# EXERCISE AIM:
The answer must consist solely of the lines below starting at the one containing "In the third" and ending at the one containing "trách mắng. |", repeated exactly, with both ends included and all pictures omitted.

# DATA EXTRACTS:
########################################
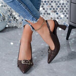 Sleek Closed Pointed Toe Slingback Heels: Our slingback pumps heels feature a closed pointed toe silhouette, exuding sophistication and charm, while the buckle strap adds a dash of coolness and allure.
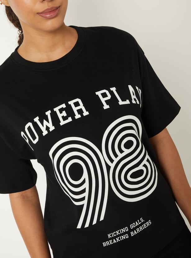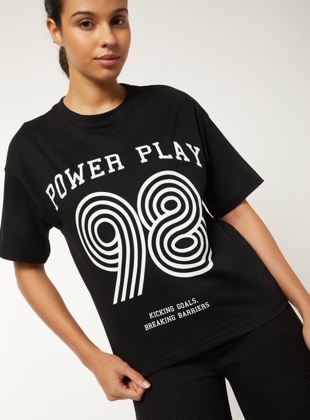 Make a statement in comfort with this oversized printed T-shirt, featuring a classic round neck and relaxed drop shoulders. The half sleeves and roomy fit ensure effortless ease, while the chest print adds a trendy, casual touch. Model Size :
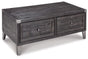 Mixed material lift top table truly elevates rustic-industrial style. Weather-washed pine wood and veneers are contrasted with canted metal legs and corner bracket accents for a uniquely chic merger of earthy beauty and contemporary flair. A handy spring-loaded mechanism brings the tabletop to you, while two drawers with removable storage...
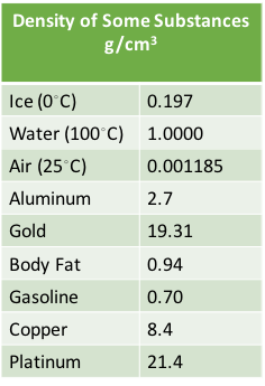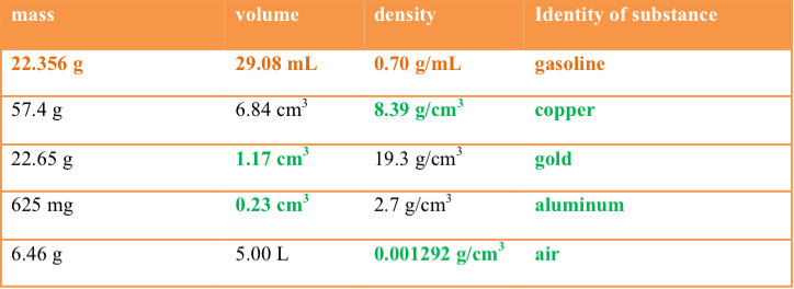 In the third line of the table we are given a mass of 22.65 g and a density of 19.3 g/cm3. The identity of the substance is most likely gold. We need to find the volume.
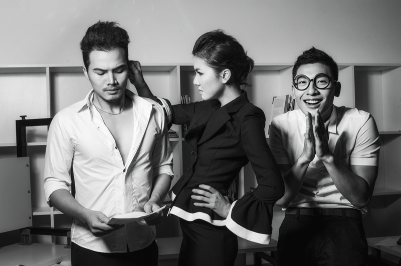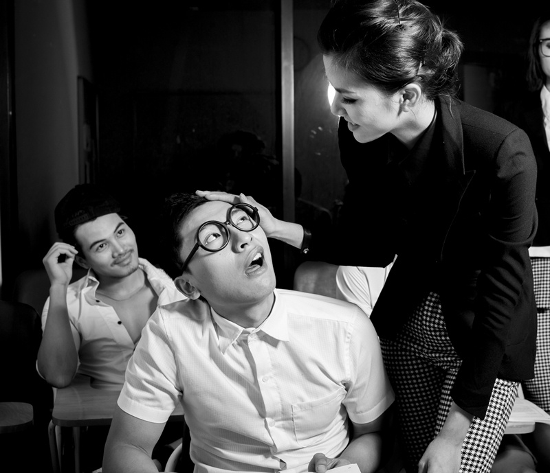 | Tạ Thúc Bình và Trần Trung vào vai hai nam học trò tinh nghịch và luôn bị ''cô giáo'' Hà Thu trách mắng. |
########################################
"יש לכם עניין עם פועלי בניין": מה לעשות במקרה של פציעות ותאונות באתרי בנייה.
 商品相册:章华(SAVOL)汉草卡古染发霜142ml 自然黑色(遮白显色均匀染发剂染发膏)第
########################################
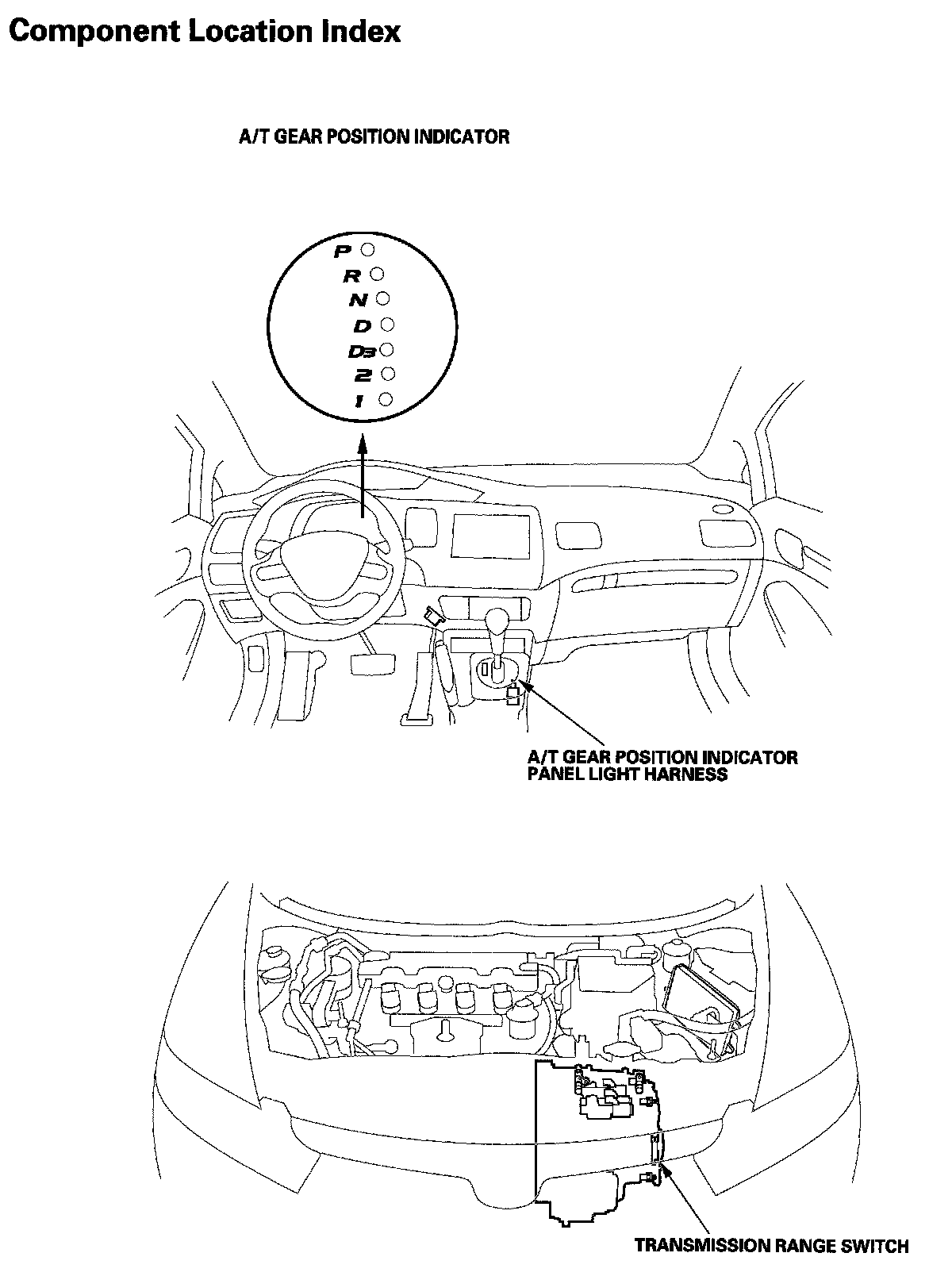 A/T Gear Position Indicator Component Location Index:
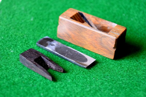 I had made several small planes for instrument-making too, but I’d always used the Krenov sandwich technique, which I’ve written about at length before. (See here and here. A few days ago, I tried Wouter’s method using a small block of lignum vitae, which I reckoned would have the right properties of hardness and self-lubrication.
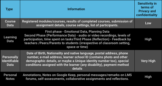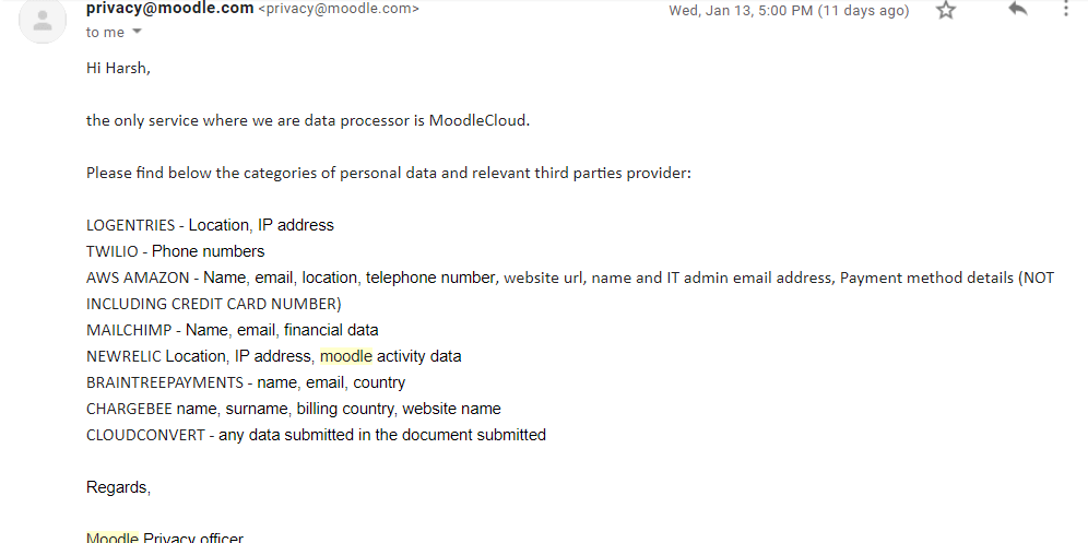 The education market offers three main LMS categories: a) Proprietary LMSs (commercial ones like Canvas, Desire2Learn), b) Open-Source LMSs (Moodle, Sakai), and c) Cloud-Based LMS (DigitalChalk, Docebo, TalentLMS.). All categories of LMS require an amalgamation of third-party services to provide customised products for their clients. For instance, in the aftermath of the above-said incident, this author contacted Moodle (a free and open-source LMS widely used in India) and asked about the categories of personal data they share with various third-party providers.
########################################
# RESULT OF THIS EXERCISE:
 In the third line of the table we are given a mass of 22.65 g and a density of 19.3 g/cm3. The identity of the substance is most likely gold. We need to find the volume.
 | Tạ Thúc Bình và Trần Trung vào vai hai nam học trò tinh nghịch và luôn bị ''cô giáo'' Hà Thu trách mắng. |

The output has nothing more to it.